As a cosignor, am I still liable when the principal debtor files bankruptcy?
Full Question:
Answer:
When you sign as a co-signer, you're promising that you will pay the debt in the event the other lender fails to pay it. This means that even if you don't know the debt hasn't been paid, you're still responsible. You may wind up paying for a vehicle or a house that you don't own and have never used.
In most cases, unless the person agrees to repay the creditor in the Bankruptcy Court, the creditor can collect the debt from you. The other person’s bankruptcy may also have a negative effect on your credit rating.
You may have certain rights (especially if the person you co-signed for is a former spouse), and you should seek legal advice immediately after you learn about the bankruptcy.

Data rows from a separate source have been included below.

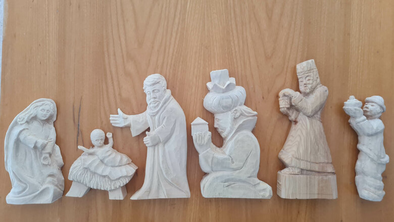 Erschaffung einer neuen Weihnachtskrippe (die alte Krippe stand von 2007-2015) mit geschnitzten lebensgroßen Figuren für die Traditionspflege in der Adventszeit im Folklorehof Grüna, dem kulturellen Zentrum des Ortes.
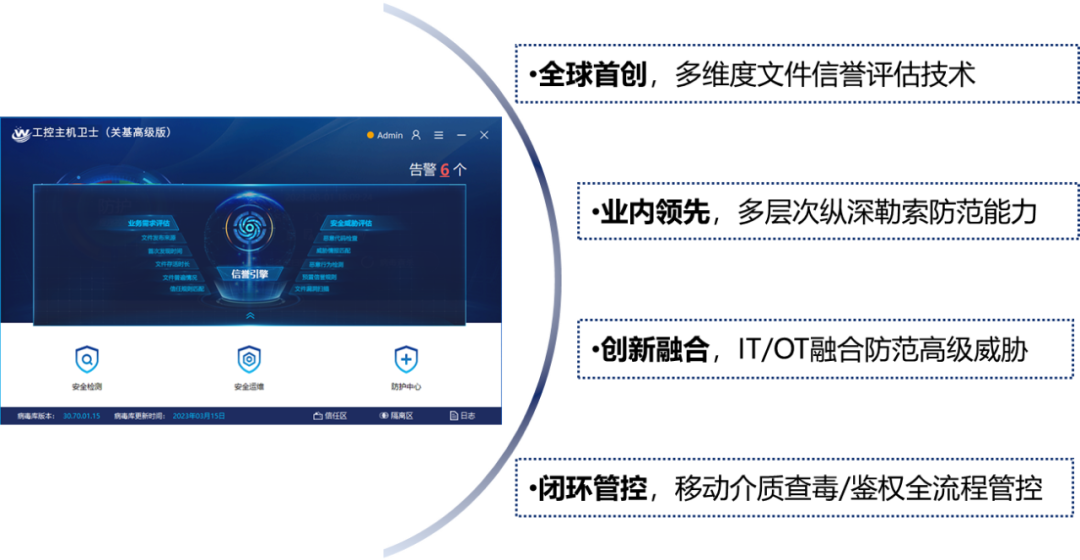 威努特关基版工控主机卫士全球首创文件信誉技术,集成自主研发、业内领先的勒索防范能力,创新融合高级威胁行为检测及运维介质闭环管控技术,实现安全且高效的应用管控,可靠与精准兼顾的威胁检测,切实有效的勒索病毒防范,完整闭环的运维介质管控,能够帮助关键信息基础设施以及工业企业有效应对包括勒索攻击、挖矿病毒在内的高级持续性威胁.
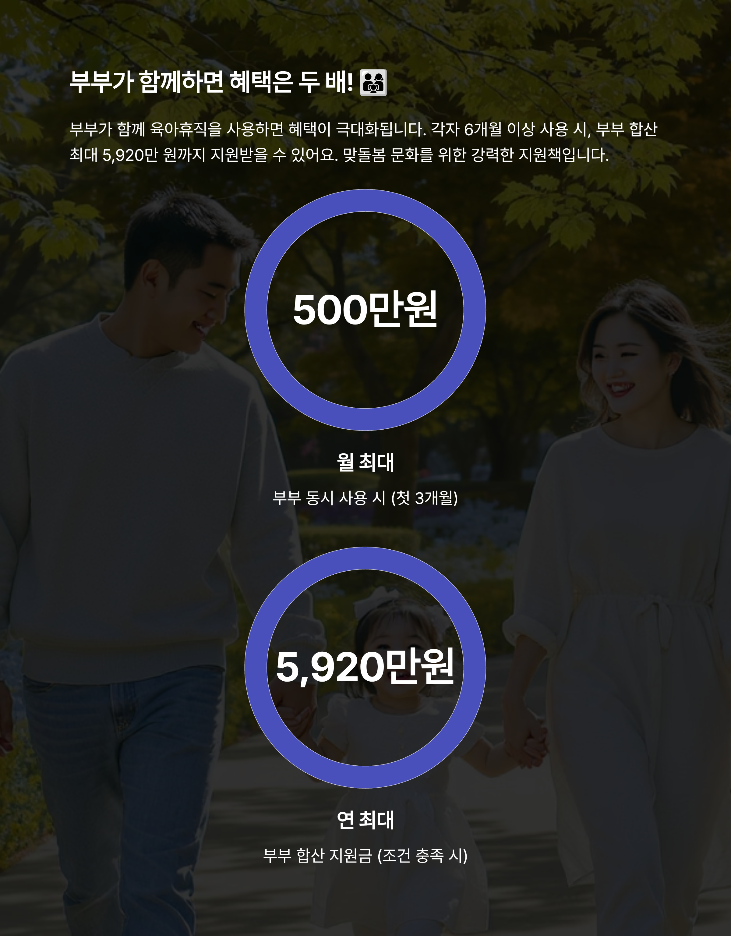 2025년부터는 부부가 함께 육아휴직을 사용하면, 각각 최대 2,960만 원, 부부 합산으로는 최대 5,920만 원까지 지원받을 수 있어요. 단, 각자가 6개월 이상 육아휴직을 사용하는 조건을 충족해야 해요.

Generally, bankruptcy discharge does not absolve a co-signor or guarantor of the responsibility to pay the creditor any deficiency owed by the party who filed bankruptcy. Creditors can still go after a co-signor for any unpaid balance after a Chapter 7 bankruptcy discharge. Similarly, at the conclusion of a Chapter 13 repayment plan, a creditor can still go after a co-signor for the difference between the amount paid under the payment plan and the original contract amount of the debt (the “deficiency”).

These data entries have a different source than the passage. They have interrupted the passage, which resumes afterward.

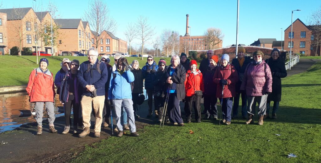 Our walk today was in glorious sunshine as you can see from the photograph. Being the end of November, it was cold but we were all wrapped up well. Twenty of us met at Piccadilly Station then headed off towards Piccadilly Basin where we joined the Rochdale canal. We followed the canal towpath through the centre of Manchester and out through Ancoats and Newton Heath eventually reaching Failsworth. The bright sunshine meant that the reflections on the still waters of the canal were beautiful when the geese weren’t swimming around. Upon reaching Failsworth, we had lunch at the Millgate pub. The food and the service were first class and we all enjoyed catching up over a hot meal. That’s our last walk of 2023. We will be taking a well-earned rest in December to enjoy the festivities. May our 2024 walks be as enjoyable as this year’s.
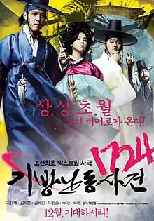 The Accidental Gangster and the Mistaken Courtesan (Korean: 1724 기방난동사건; RR: 1724 Gibang-nandong sageon; literally "Gibang riot in 1724") is a 2008 South Korean action comedy film. The film depicts the gangster culture of Joseon Dynasty Korea and is based on an actual fight that occurred at a kisaeng house in 1724.[2] The film was directed by Yeo Kyun-dong, and stars Lee Jung-jae—in his first film role for three years—alongside Kim Ok-bin.[2][3] Costumes for the film were created by fashion designer André Kim.[3]
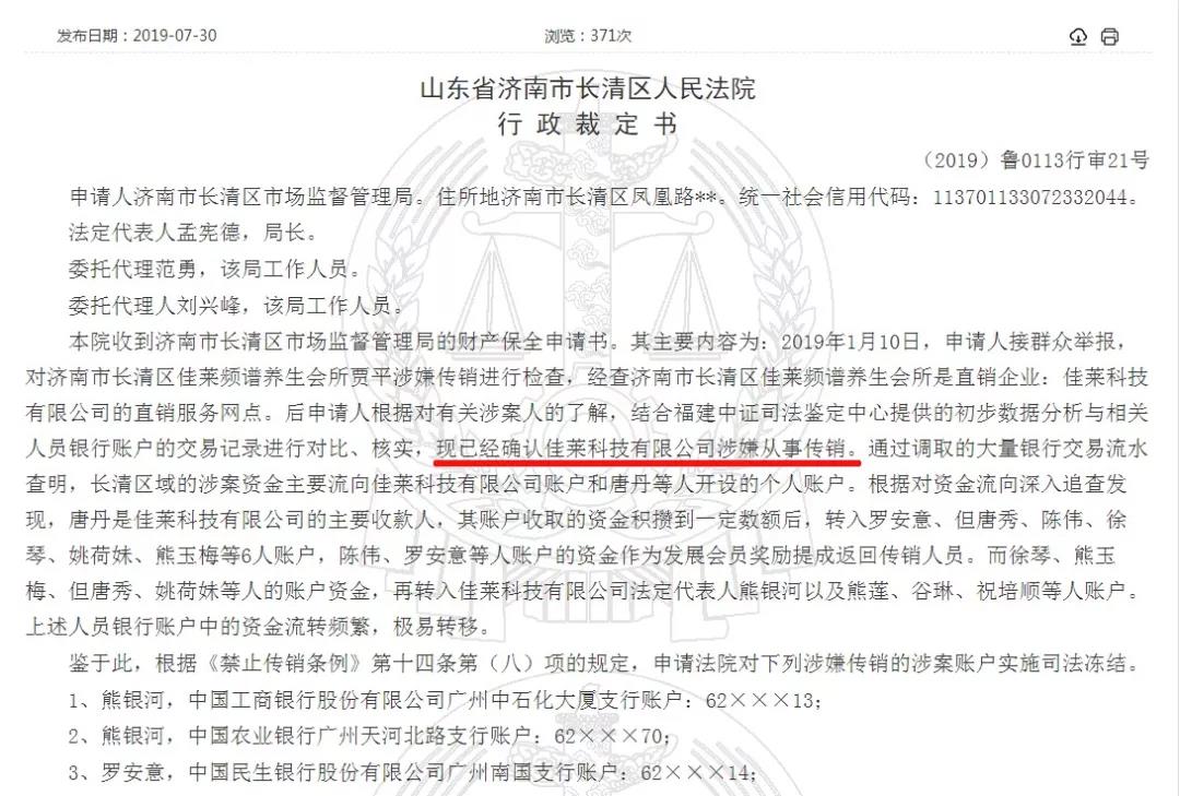7月30日,中国裁判文书网公示了一则行政裁定书,佳莱因涉嫌从事传销被山东省济南市长清区市场监管局申请冻结11个相关银行账户,但长清区人民法院以“该项所指的司法机关主体并不明确”等理由未予受理。
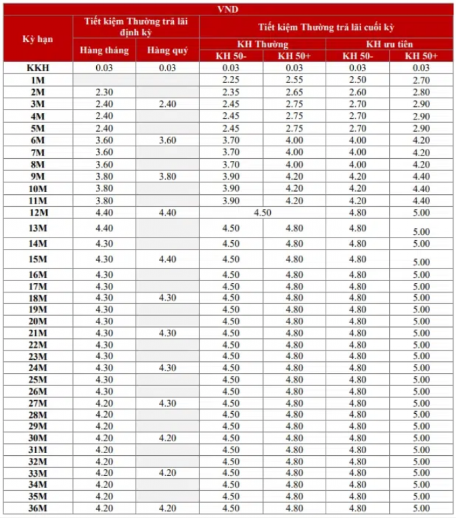 Lãi suất tiết kiệm dành cho các khách hàng trên 50 tuổi cao hơn 0,3 điểm % tại hầu hết các kỳ hạn so với khách hàng dưới 50 tuổi. Riêng tại kỳ hạn 12 tháng, ngân hàng áp dụng cùng mức lãi suất 7,1%/năm (khoản tiền trên 200 tỷ đồng) và 4,6%/năm (dưới 200 tỷ đồng). Biểu lãi suất ngân hàng có phạm vi từ 2,55%/năm đến 4,8%/năm.
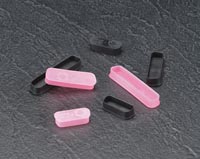 Series DCF connector caps protect electrical connectors from dust and impact damage. DCF-06 and DCF-08 are designed to fit D-Subminiature connectors with flared shells while DCF-07 is designed to fit D-Subminiature power connectors with flared shells. Series DCF is available in a black conductive polyethylene copolymer or pink static dissipative ethylene vinyl acetate. All static dissipative parts meet the static decay requirements of MIL-PRF-81705D and surface resistivity is less than 1×1012 ohms/sq. All conductive parts meet the static decay requirements of MIL-PRF-81705D and surface resistivity is less than 1×105 ohms/sq.
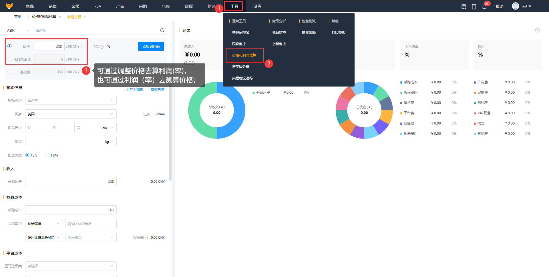 (1)可以通过利润率反算价格,或者测算定价的利润率,二者选其一,选择试算方式后填写商品基本信息。

Also, a Chapter 13 bankruptcy filing stays actions by creditors against co-signors during the pendency of the bankruptcy case, but that is not the case in Chapter 7 bankruptcies.
The U.S. Court of Appeals for the Ninth Circuit explained that “[g]enerally, discharge of the principal debtor in bankruptcy will not discharge the liabilities of co-debtors or guarantors.” Explaining that “[t]he bankruptcy court ‘has no power to discharge the liabilities of a bankrupt’s guarantor,” the court clarified that “‘[t]he bankruptcy court can affect only the relationships of debtors and creditor. It has no power to affect the obligations of guarantors.’”

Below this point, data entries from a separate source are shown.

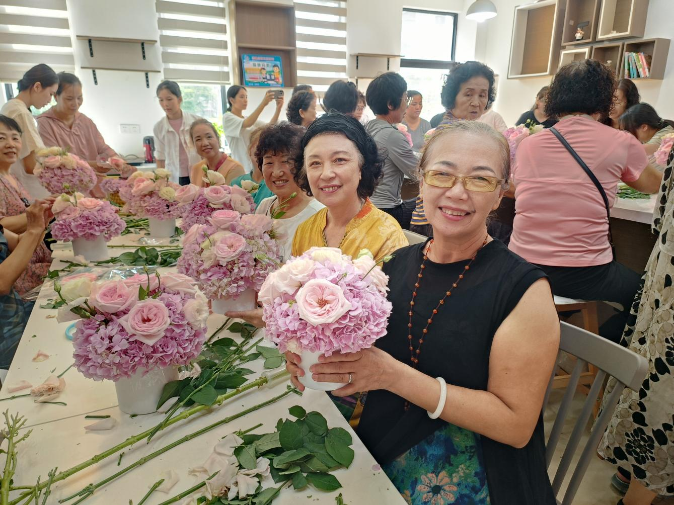 活动开始,插花老师首先为老人们详细讲解了插花的艺术理念,包括花材的选择、色彩的搭配等知识。老师边讲解边现场演示,将原本普通的花材巧妙组合,一个极具美感的花艺作品便呈现在大家眼前。老同志们听得十分专注,不时拿出手机记录下关键的步骤和要点。讲解结束后,老同志们迫不及待地开始了自己的创作。经过一番精心创作,一束束饱含创意与巧思的花艺作品相继诞生。看着自己亲手制作的花艺作品,老同志们的脸上都洋溢着喜悦与自豪的笑容,纷纷拿出手机拍照留念,记录下这一充满成就感的时刻。
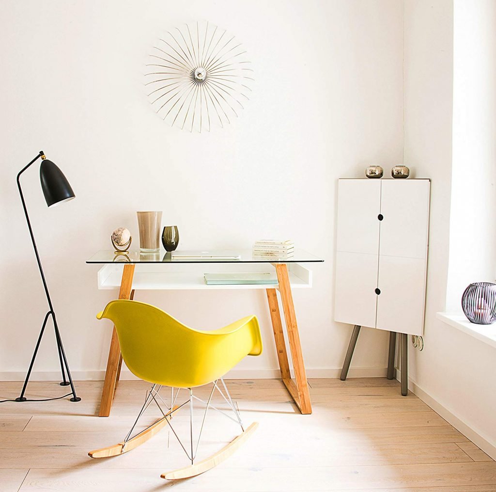 If you’re looking for a beautiful contemporary home office desk, then this bonVIVO writing table would be a great option. This is a good smaller desk for anyone who doesn’t have a large place to add a table, with dimensions of 44″ length x 30″ width x 22″ depth, just enough for a laptop or a smaller computer screen.
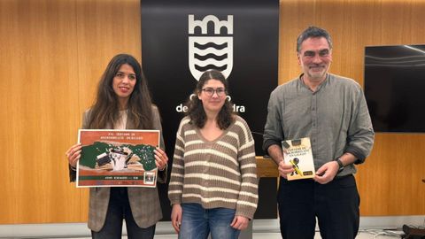 12 de marzo • 17.30 horas • O edil de Normalización Lingüística, Demetrio Gómez, acompañado de María Fernández González, directora da Escola Oficial de Idiomas de Pontevedra, e de Elma Barreiro Abad, secretaria da EOI e membro do EDLG, presentou a vindeira edición do Certame de Microrrelato en Galego que se desenvolverá de xeito presencial nas de dependencias de EOI de Pontevedra, Lalín e IES Valle Inclán. Elma Barreiro precisou que está dirixido a persoas maiores de 14 anos, alumnas ou non da EOI, e do que xa se poden consultar as bases: «Serán coma sempre tres palabras como punto de partida e 110 minutos, con 150 palabras de extensión máxima. Ao longo da semana iremos descubrindo que persoas escolleron as palabras desta edición. Persoas de ámbitos moi distintos co amor pola lingua como fío común. Cada dous anos, recompilamos nunha publicación os relatos gañadores».

The New York Appellate Division further clarified that “a defendant’s liability as a guarantor generally is not impaired by the discharge of a principal’s obligation in a bankruptcy proceeding and, thus, plaintiff may seek recovery from defendant notwithstanding [the debtor’s] bankruptcy petition.”
The exact language of the agreement in which the co-signor or guarantor took on the obligation is important. If the co-signor only assumed the obligation to pay the debtor’s indebtedness as long as the debtor himself is obligated to pay the loan, then the debtor’s discharge would probably absolve the co-signor of the obligation to guarantee the loan as well. But where the co-signor’s original obligation is not contingent on the primary party’s obligation, or where the agreement explicitly states that the co-signor is obligated regardless of any discharge of the primary party’s indebtedness, the creditor can still go after the co-signor for any amount remaining due.